Amorel Pub. Sch., 309 Ark. 59, 827 S.W.2d 137 (1992).
     When a statute is plain and unambiguous, there is no need to
resort to rules of statutory construction.  State v. Johnson, 317
Ark. 226, 876 S.W.2d 577 (1994); Southern Sur. Co. v. Dardanelle
Rd. Improvement Dist. No. 1, 169 Ark. 755, 276 S.W. 1014 (1925). 
It is clearly expressed in section 11-9-525 that the purpose of the
Fund is to fully compensate an employee for his total injuries
while simultaneously protecting employers from having to pay for
injuries that did not occur while the employee was working for that
employer.  That the employer is not to be held liable for a greater
disability than actually occurred while the worker was in that
employer's employment is mentioned in the statute no less than four
times.  Moreover, the statute clearly and unambiguously provides
for the Second Injury Trust Fund to make up the balance of the
employees total benefits and the employer's share when it states
that the "fund pays the worker the difference between the
employer's liability and the balance of his disability or
impairment which results from all disabilities or impairments
combined."  (Emphasis added.) 
     In short, the Fund's argument in support of the Commission's
interpretation of the statute is without merit.  Section 11-9-
525(b)(5)'s language simply does not prohibit payments from both an
employer and the Fund within the same period.  The words "in
addition to" and "after" payment of the employer's liability do
nothing more than signal the possibility that an employee who is
totally disabled from more than one injury could receive benefits
concurrently from both the employer and the Fund without violating
the statutory maximum benefits for total disability.  That the
employer is not liable for the total disability rate is patently
clear from the use of the word "remainder" in the last clause of
the subsection "the employee shall be paid the remainder of the
compensation that would be due for permanent total disability ...
out of the fund."
     We interpret section 11-9-525(b)(5) to mean that Stucco's
liability for Rose's benefits is limited to the injury occurring in
June 1990 considered alone and of itself, and therefore, Stucco's
liability is at the permanent partial disability rate of $169.59
for 58.5 weeks.  We further interpret section 11-9-525(b)(5) to
mean that, after Stucco pays its weekly liability, the Fund must
pay the balance of Rose's total disability benefits, or $56.52 per
week for the 58.5 weeks.  There is no dispute that the Fund is
responsible for the full $226.11 per week thereafter.  

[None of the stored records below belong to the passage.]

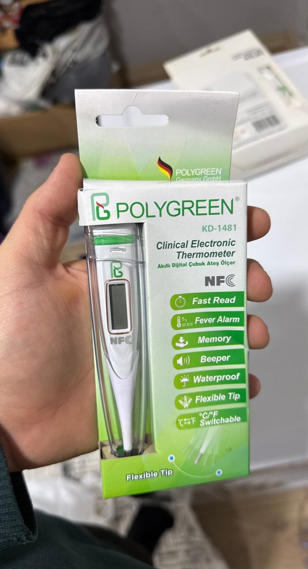 Polygreen KD-1481 elektronik klinik termometre; esnek uç, su geçirmezlik, hızlı okuma, ateş alarmı, hafıza ve bip sesi özelliklerine sahiptir. NFC destekler ve °C/°F arasında geçiş yapar. ️SIFIR ÜRÜNDÜR
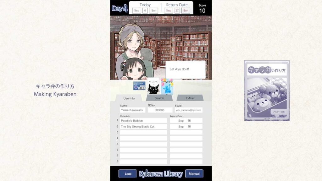 Tarikh dan masa lawatan setiap pengguna, buku yang mereka bawa, dan permintaan carian adalah tetap, dan tiada had masa, jadi jika anda bermain tanpa berfikir, dari pusingan kedua dan seterusnya, anda hanya akan mengulangi tugas membosankan yang sama setiap hari. Namun, amat menarik untuk meneka personaliti pengguna dan situasi yang mereka hadapi daripada tajuk buku yang dipinjam dan adegan pendek yang menarik perhatian.
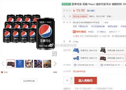 百事可乐 无糖 迷你可乐汽水 200ml*12听装,如有首购2礼金,买2件26.62

                         Attorney's Fees
     Stucco argues that the Commission's award of fees based upon
Stucco's liability for benefits at the total disability rate should
be reversed because Ark. Code Ann.  11-9-715(a)(2)(B)(ii) (Repl.
1966) provides that attorney's fees "shall be allowed only on the
amount of compensation controverted and awarded."   This argument
has merit.
     Where an employer demonstrates that it is liable for only a
portion of a worker's present disability within the meaning of
Second Injury Fund legislation, attorney's fees due from the
employer should only be computed upon the basis of the amount of
the employer's liability for benefits, not upon the amount of total
disability benefits.  Buckner v. Sparks Regional Medical Ctr., 32
Ark. App. 5, 794 S.W.2d 623 (1990); Prier Brass v. Weller, 23 Ark.

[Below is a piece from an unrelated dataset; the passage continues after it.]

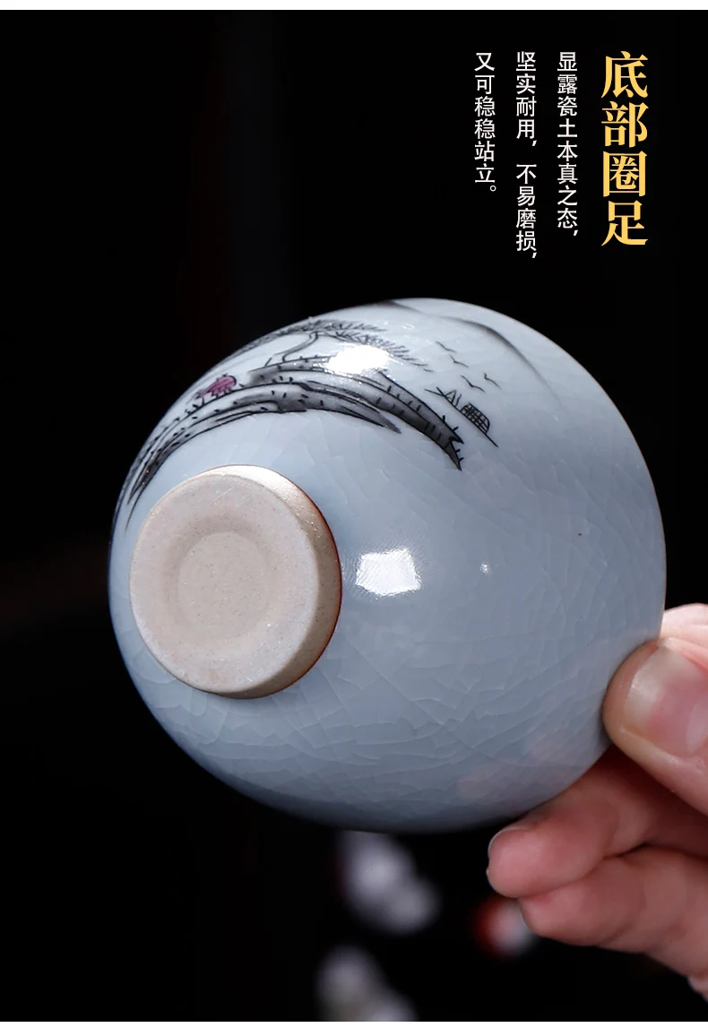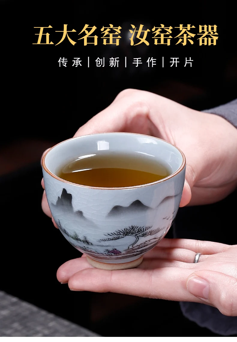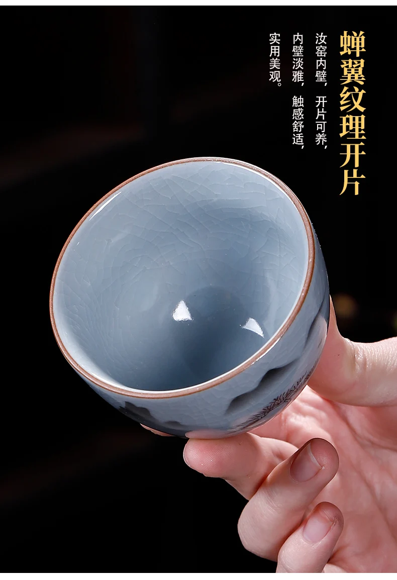 Ru Kiln Tea Cup, Ru Porcelain Can Raise, Open Piece Ceramic Master Cup, Large Kungfu Tea Cup, Handmade Tea Bowl

App. 193, 745 S.W.2d 647 (1988).  In short, an employer's liability
for attorney's fees is limited to the amount of benefits awarded
from injuries occurring while the worker was employed by that
employer.  Given our reversal of the Commission's decision of the
amount of Stucco's liability for benefits, we also reverse the
amount of attorney's fees assessed against Stucco.
     The Commission's decision is reversed, and the case is
remanded for entry of an order consistent with this opinion.